*** Opening SOURCE MATERIAL ***

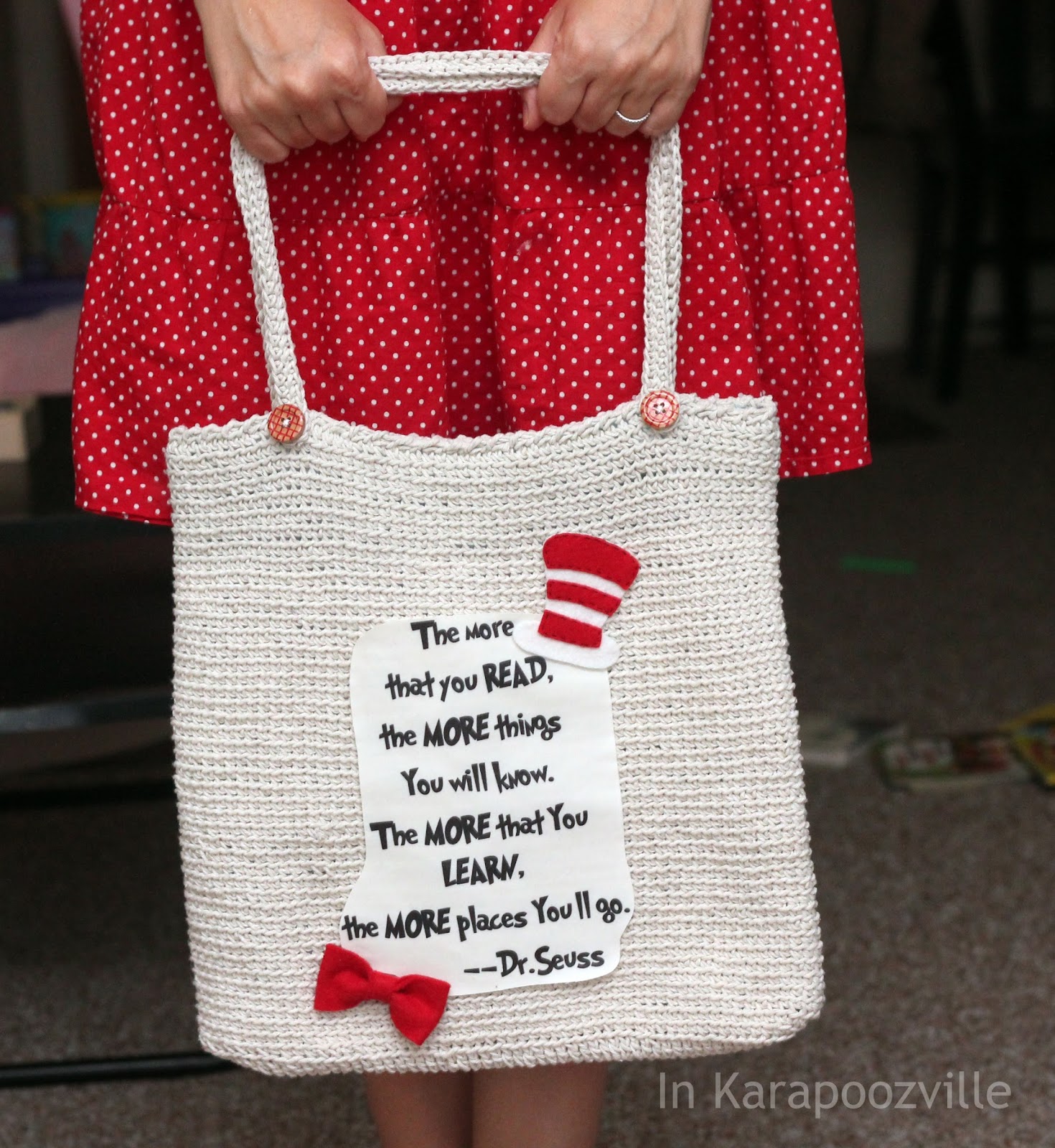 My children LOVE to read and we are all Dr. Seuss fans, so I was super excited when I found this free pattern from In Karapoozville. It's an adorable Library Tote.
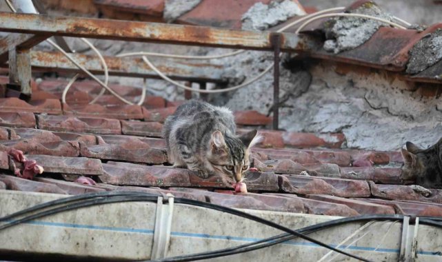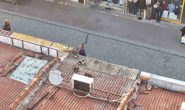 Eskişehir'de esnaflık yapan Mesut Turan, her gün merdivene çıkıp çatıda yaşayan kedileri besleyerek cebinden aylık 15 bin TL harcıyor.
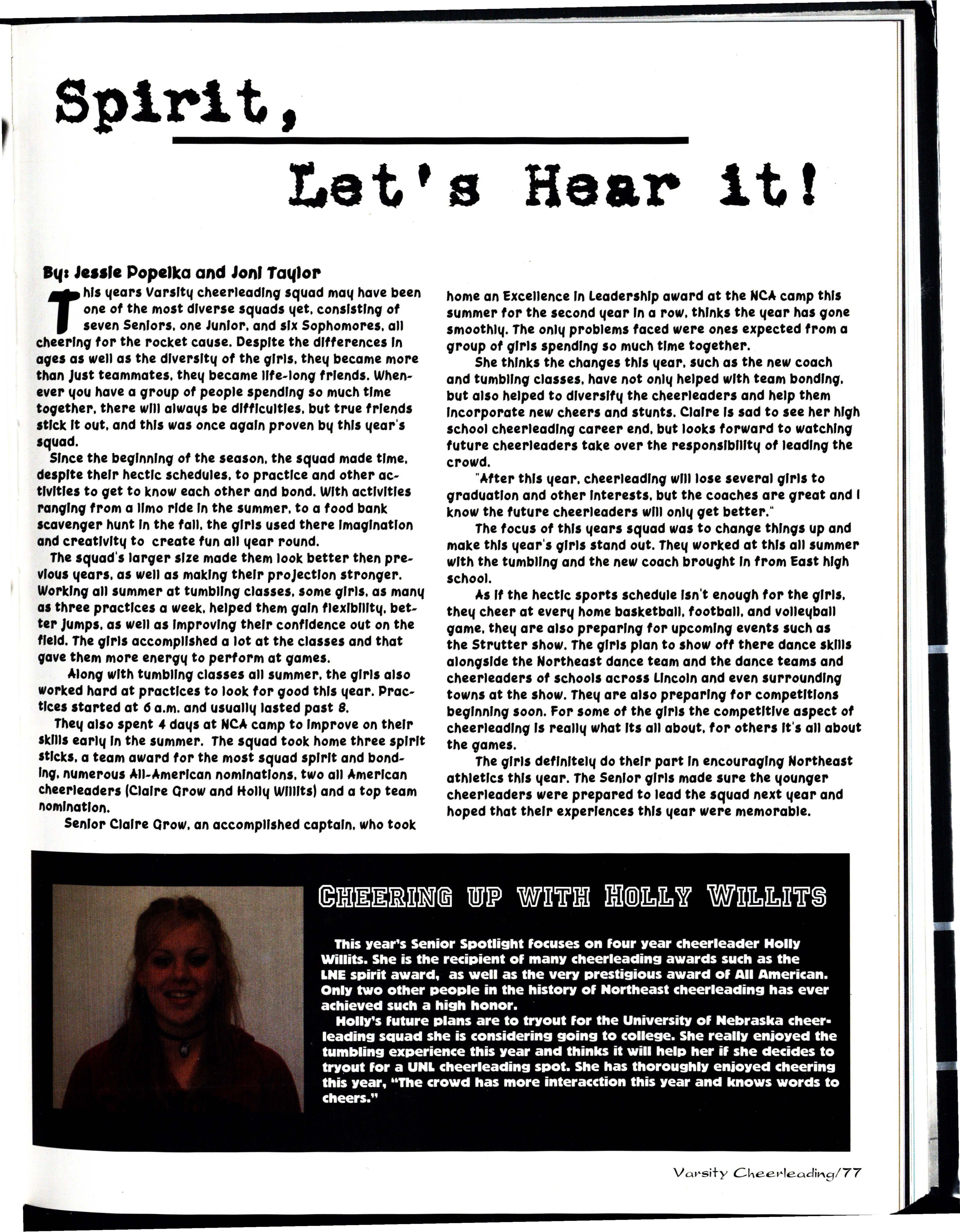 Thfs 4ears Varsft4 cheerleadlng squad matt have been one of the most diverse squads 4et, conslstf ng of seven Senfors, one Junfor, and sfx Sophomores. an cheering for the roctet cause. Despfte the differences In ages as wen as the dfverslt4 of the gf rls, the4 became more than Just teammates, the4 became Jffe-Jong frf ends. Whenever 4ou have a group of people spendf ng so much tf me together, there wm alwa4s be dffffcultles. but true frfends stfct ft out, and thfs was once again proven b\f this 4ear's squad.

*** Closing SOURCE MATERIAL ***

__AIM OF THE TASK__: Each line above is to be repeated exactly as written; no picture is carried over.

__OUTPUT OF THE TASK__:
 My children LOVE to read and we are all Dr. Seuss fans, so I was super excited when I found this free pattern from In Karapoozville. It's an adorable Library Tote.
 Eskişehir'de esnaflık yapan Mesut Turan, her gün merdivene çıkıp çatıda yaşayan kedileri besleyerek cebinden aylık 15 bin TL harcıyor.
 Thfs 4ears Varsft4 cheerleadlng squad matt have been one of the most diverse squads 4et, conslstf ng of seven Senfors, one Junfor, and sfx Sophomores. an cheering for the roctet cause. Despfte the differences In ages as wen as the dfverslt4 of the gf rls, the4 became more than Just teammates, the4 became Jffe-Jong frf ends. Whenever 4ou have a group of people spendf ng so much tf me together, there wm alwa4s be dffffcultles. but true frfends stfct ft out, and thfs was once again proven b\f this 4ear's squad.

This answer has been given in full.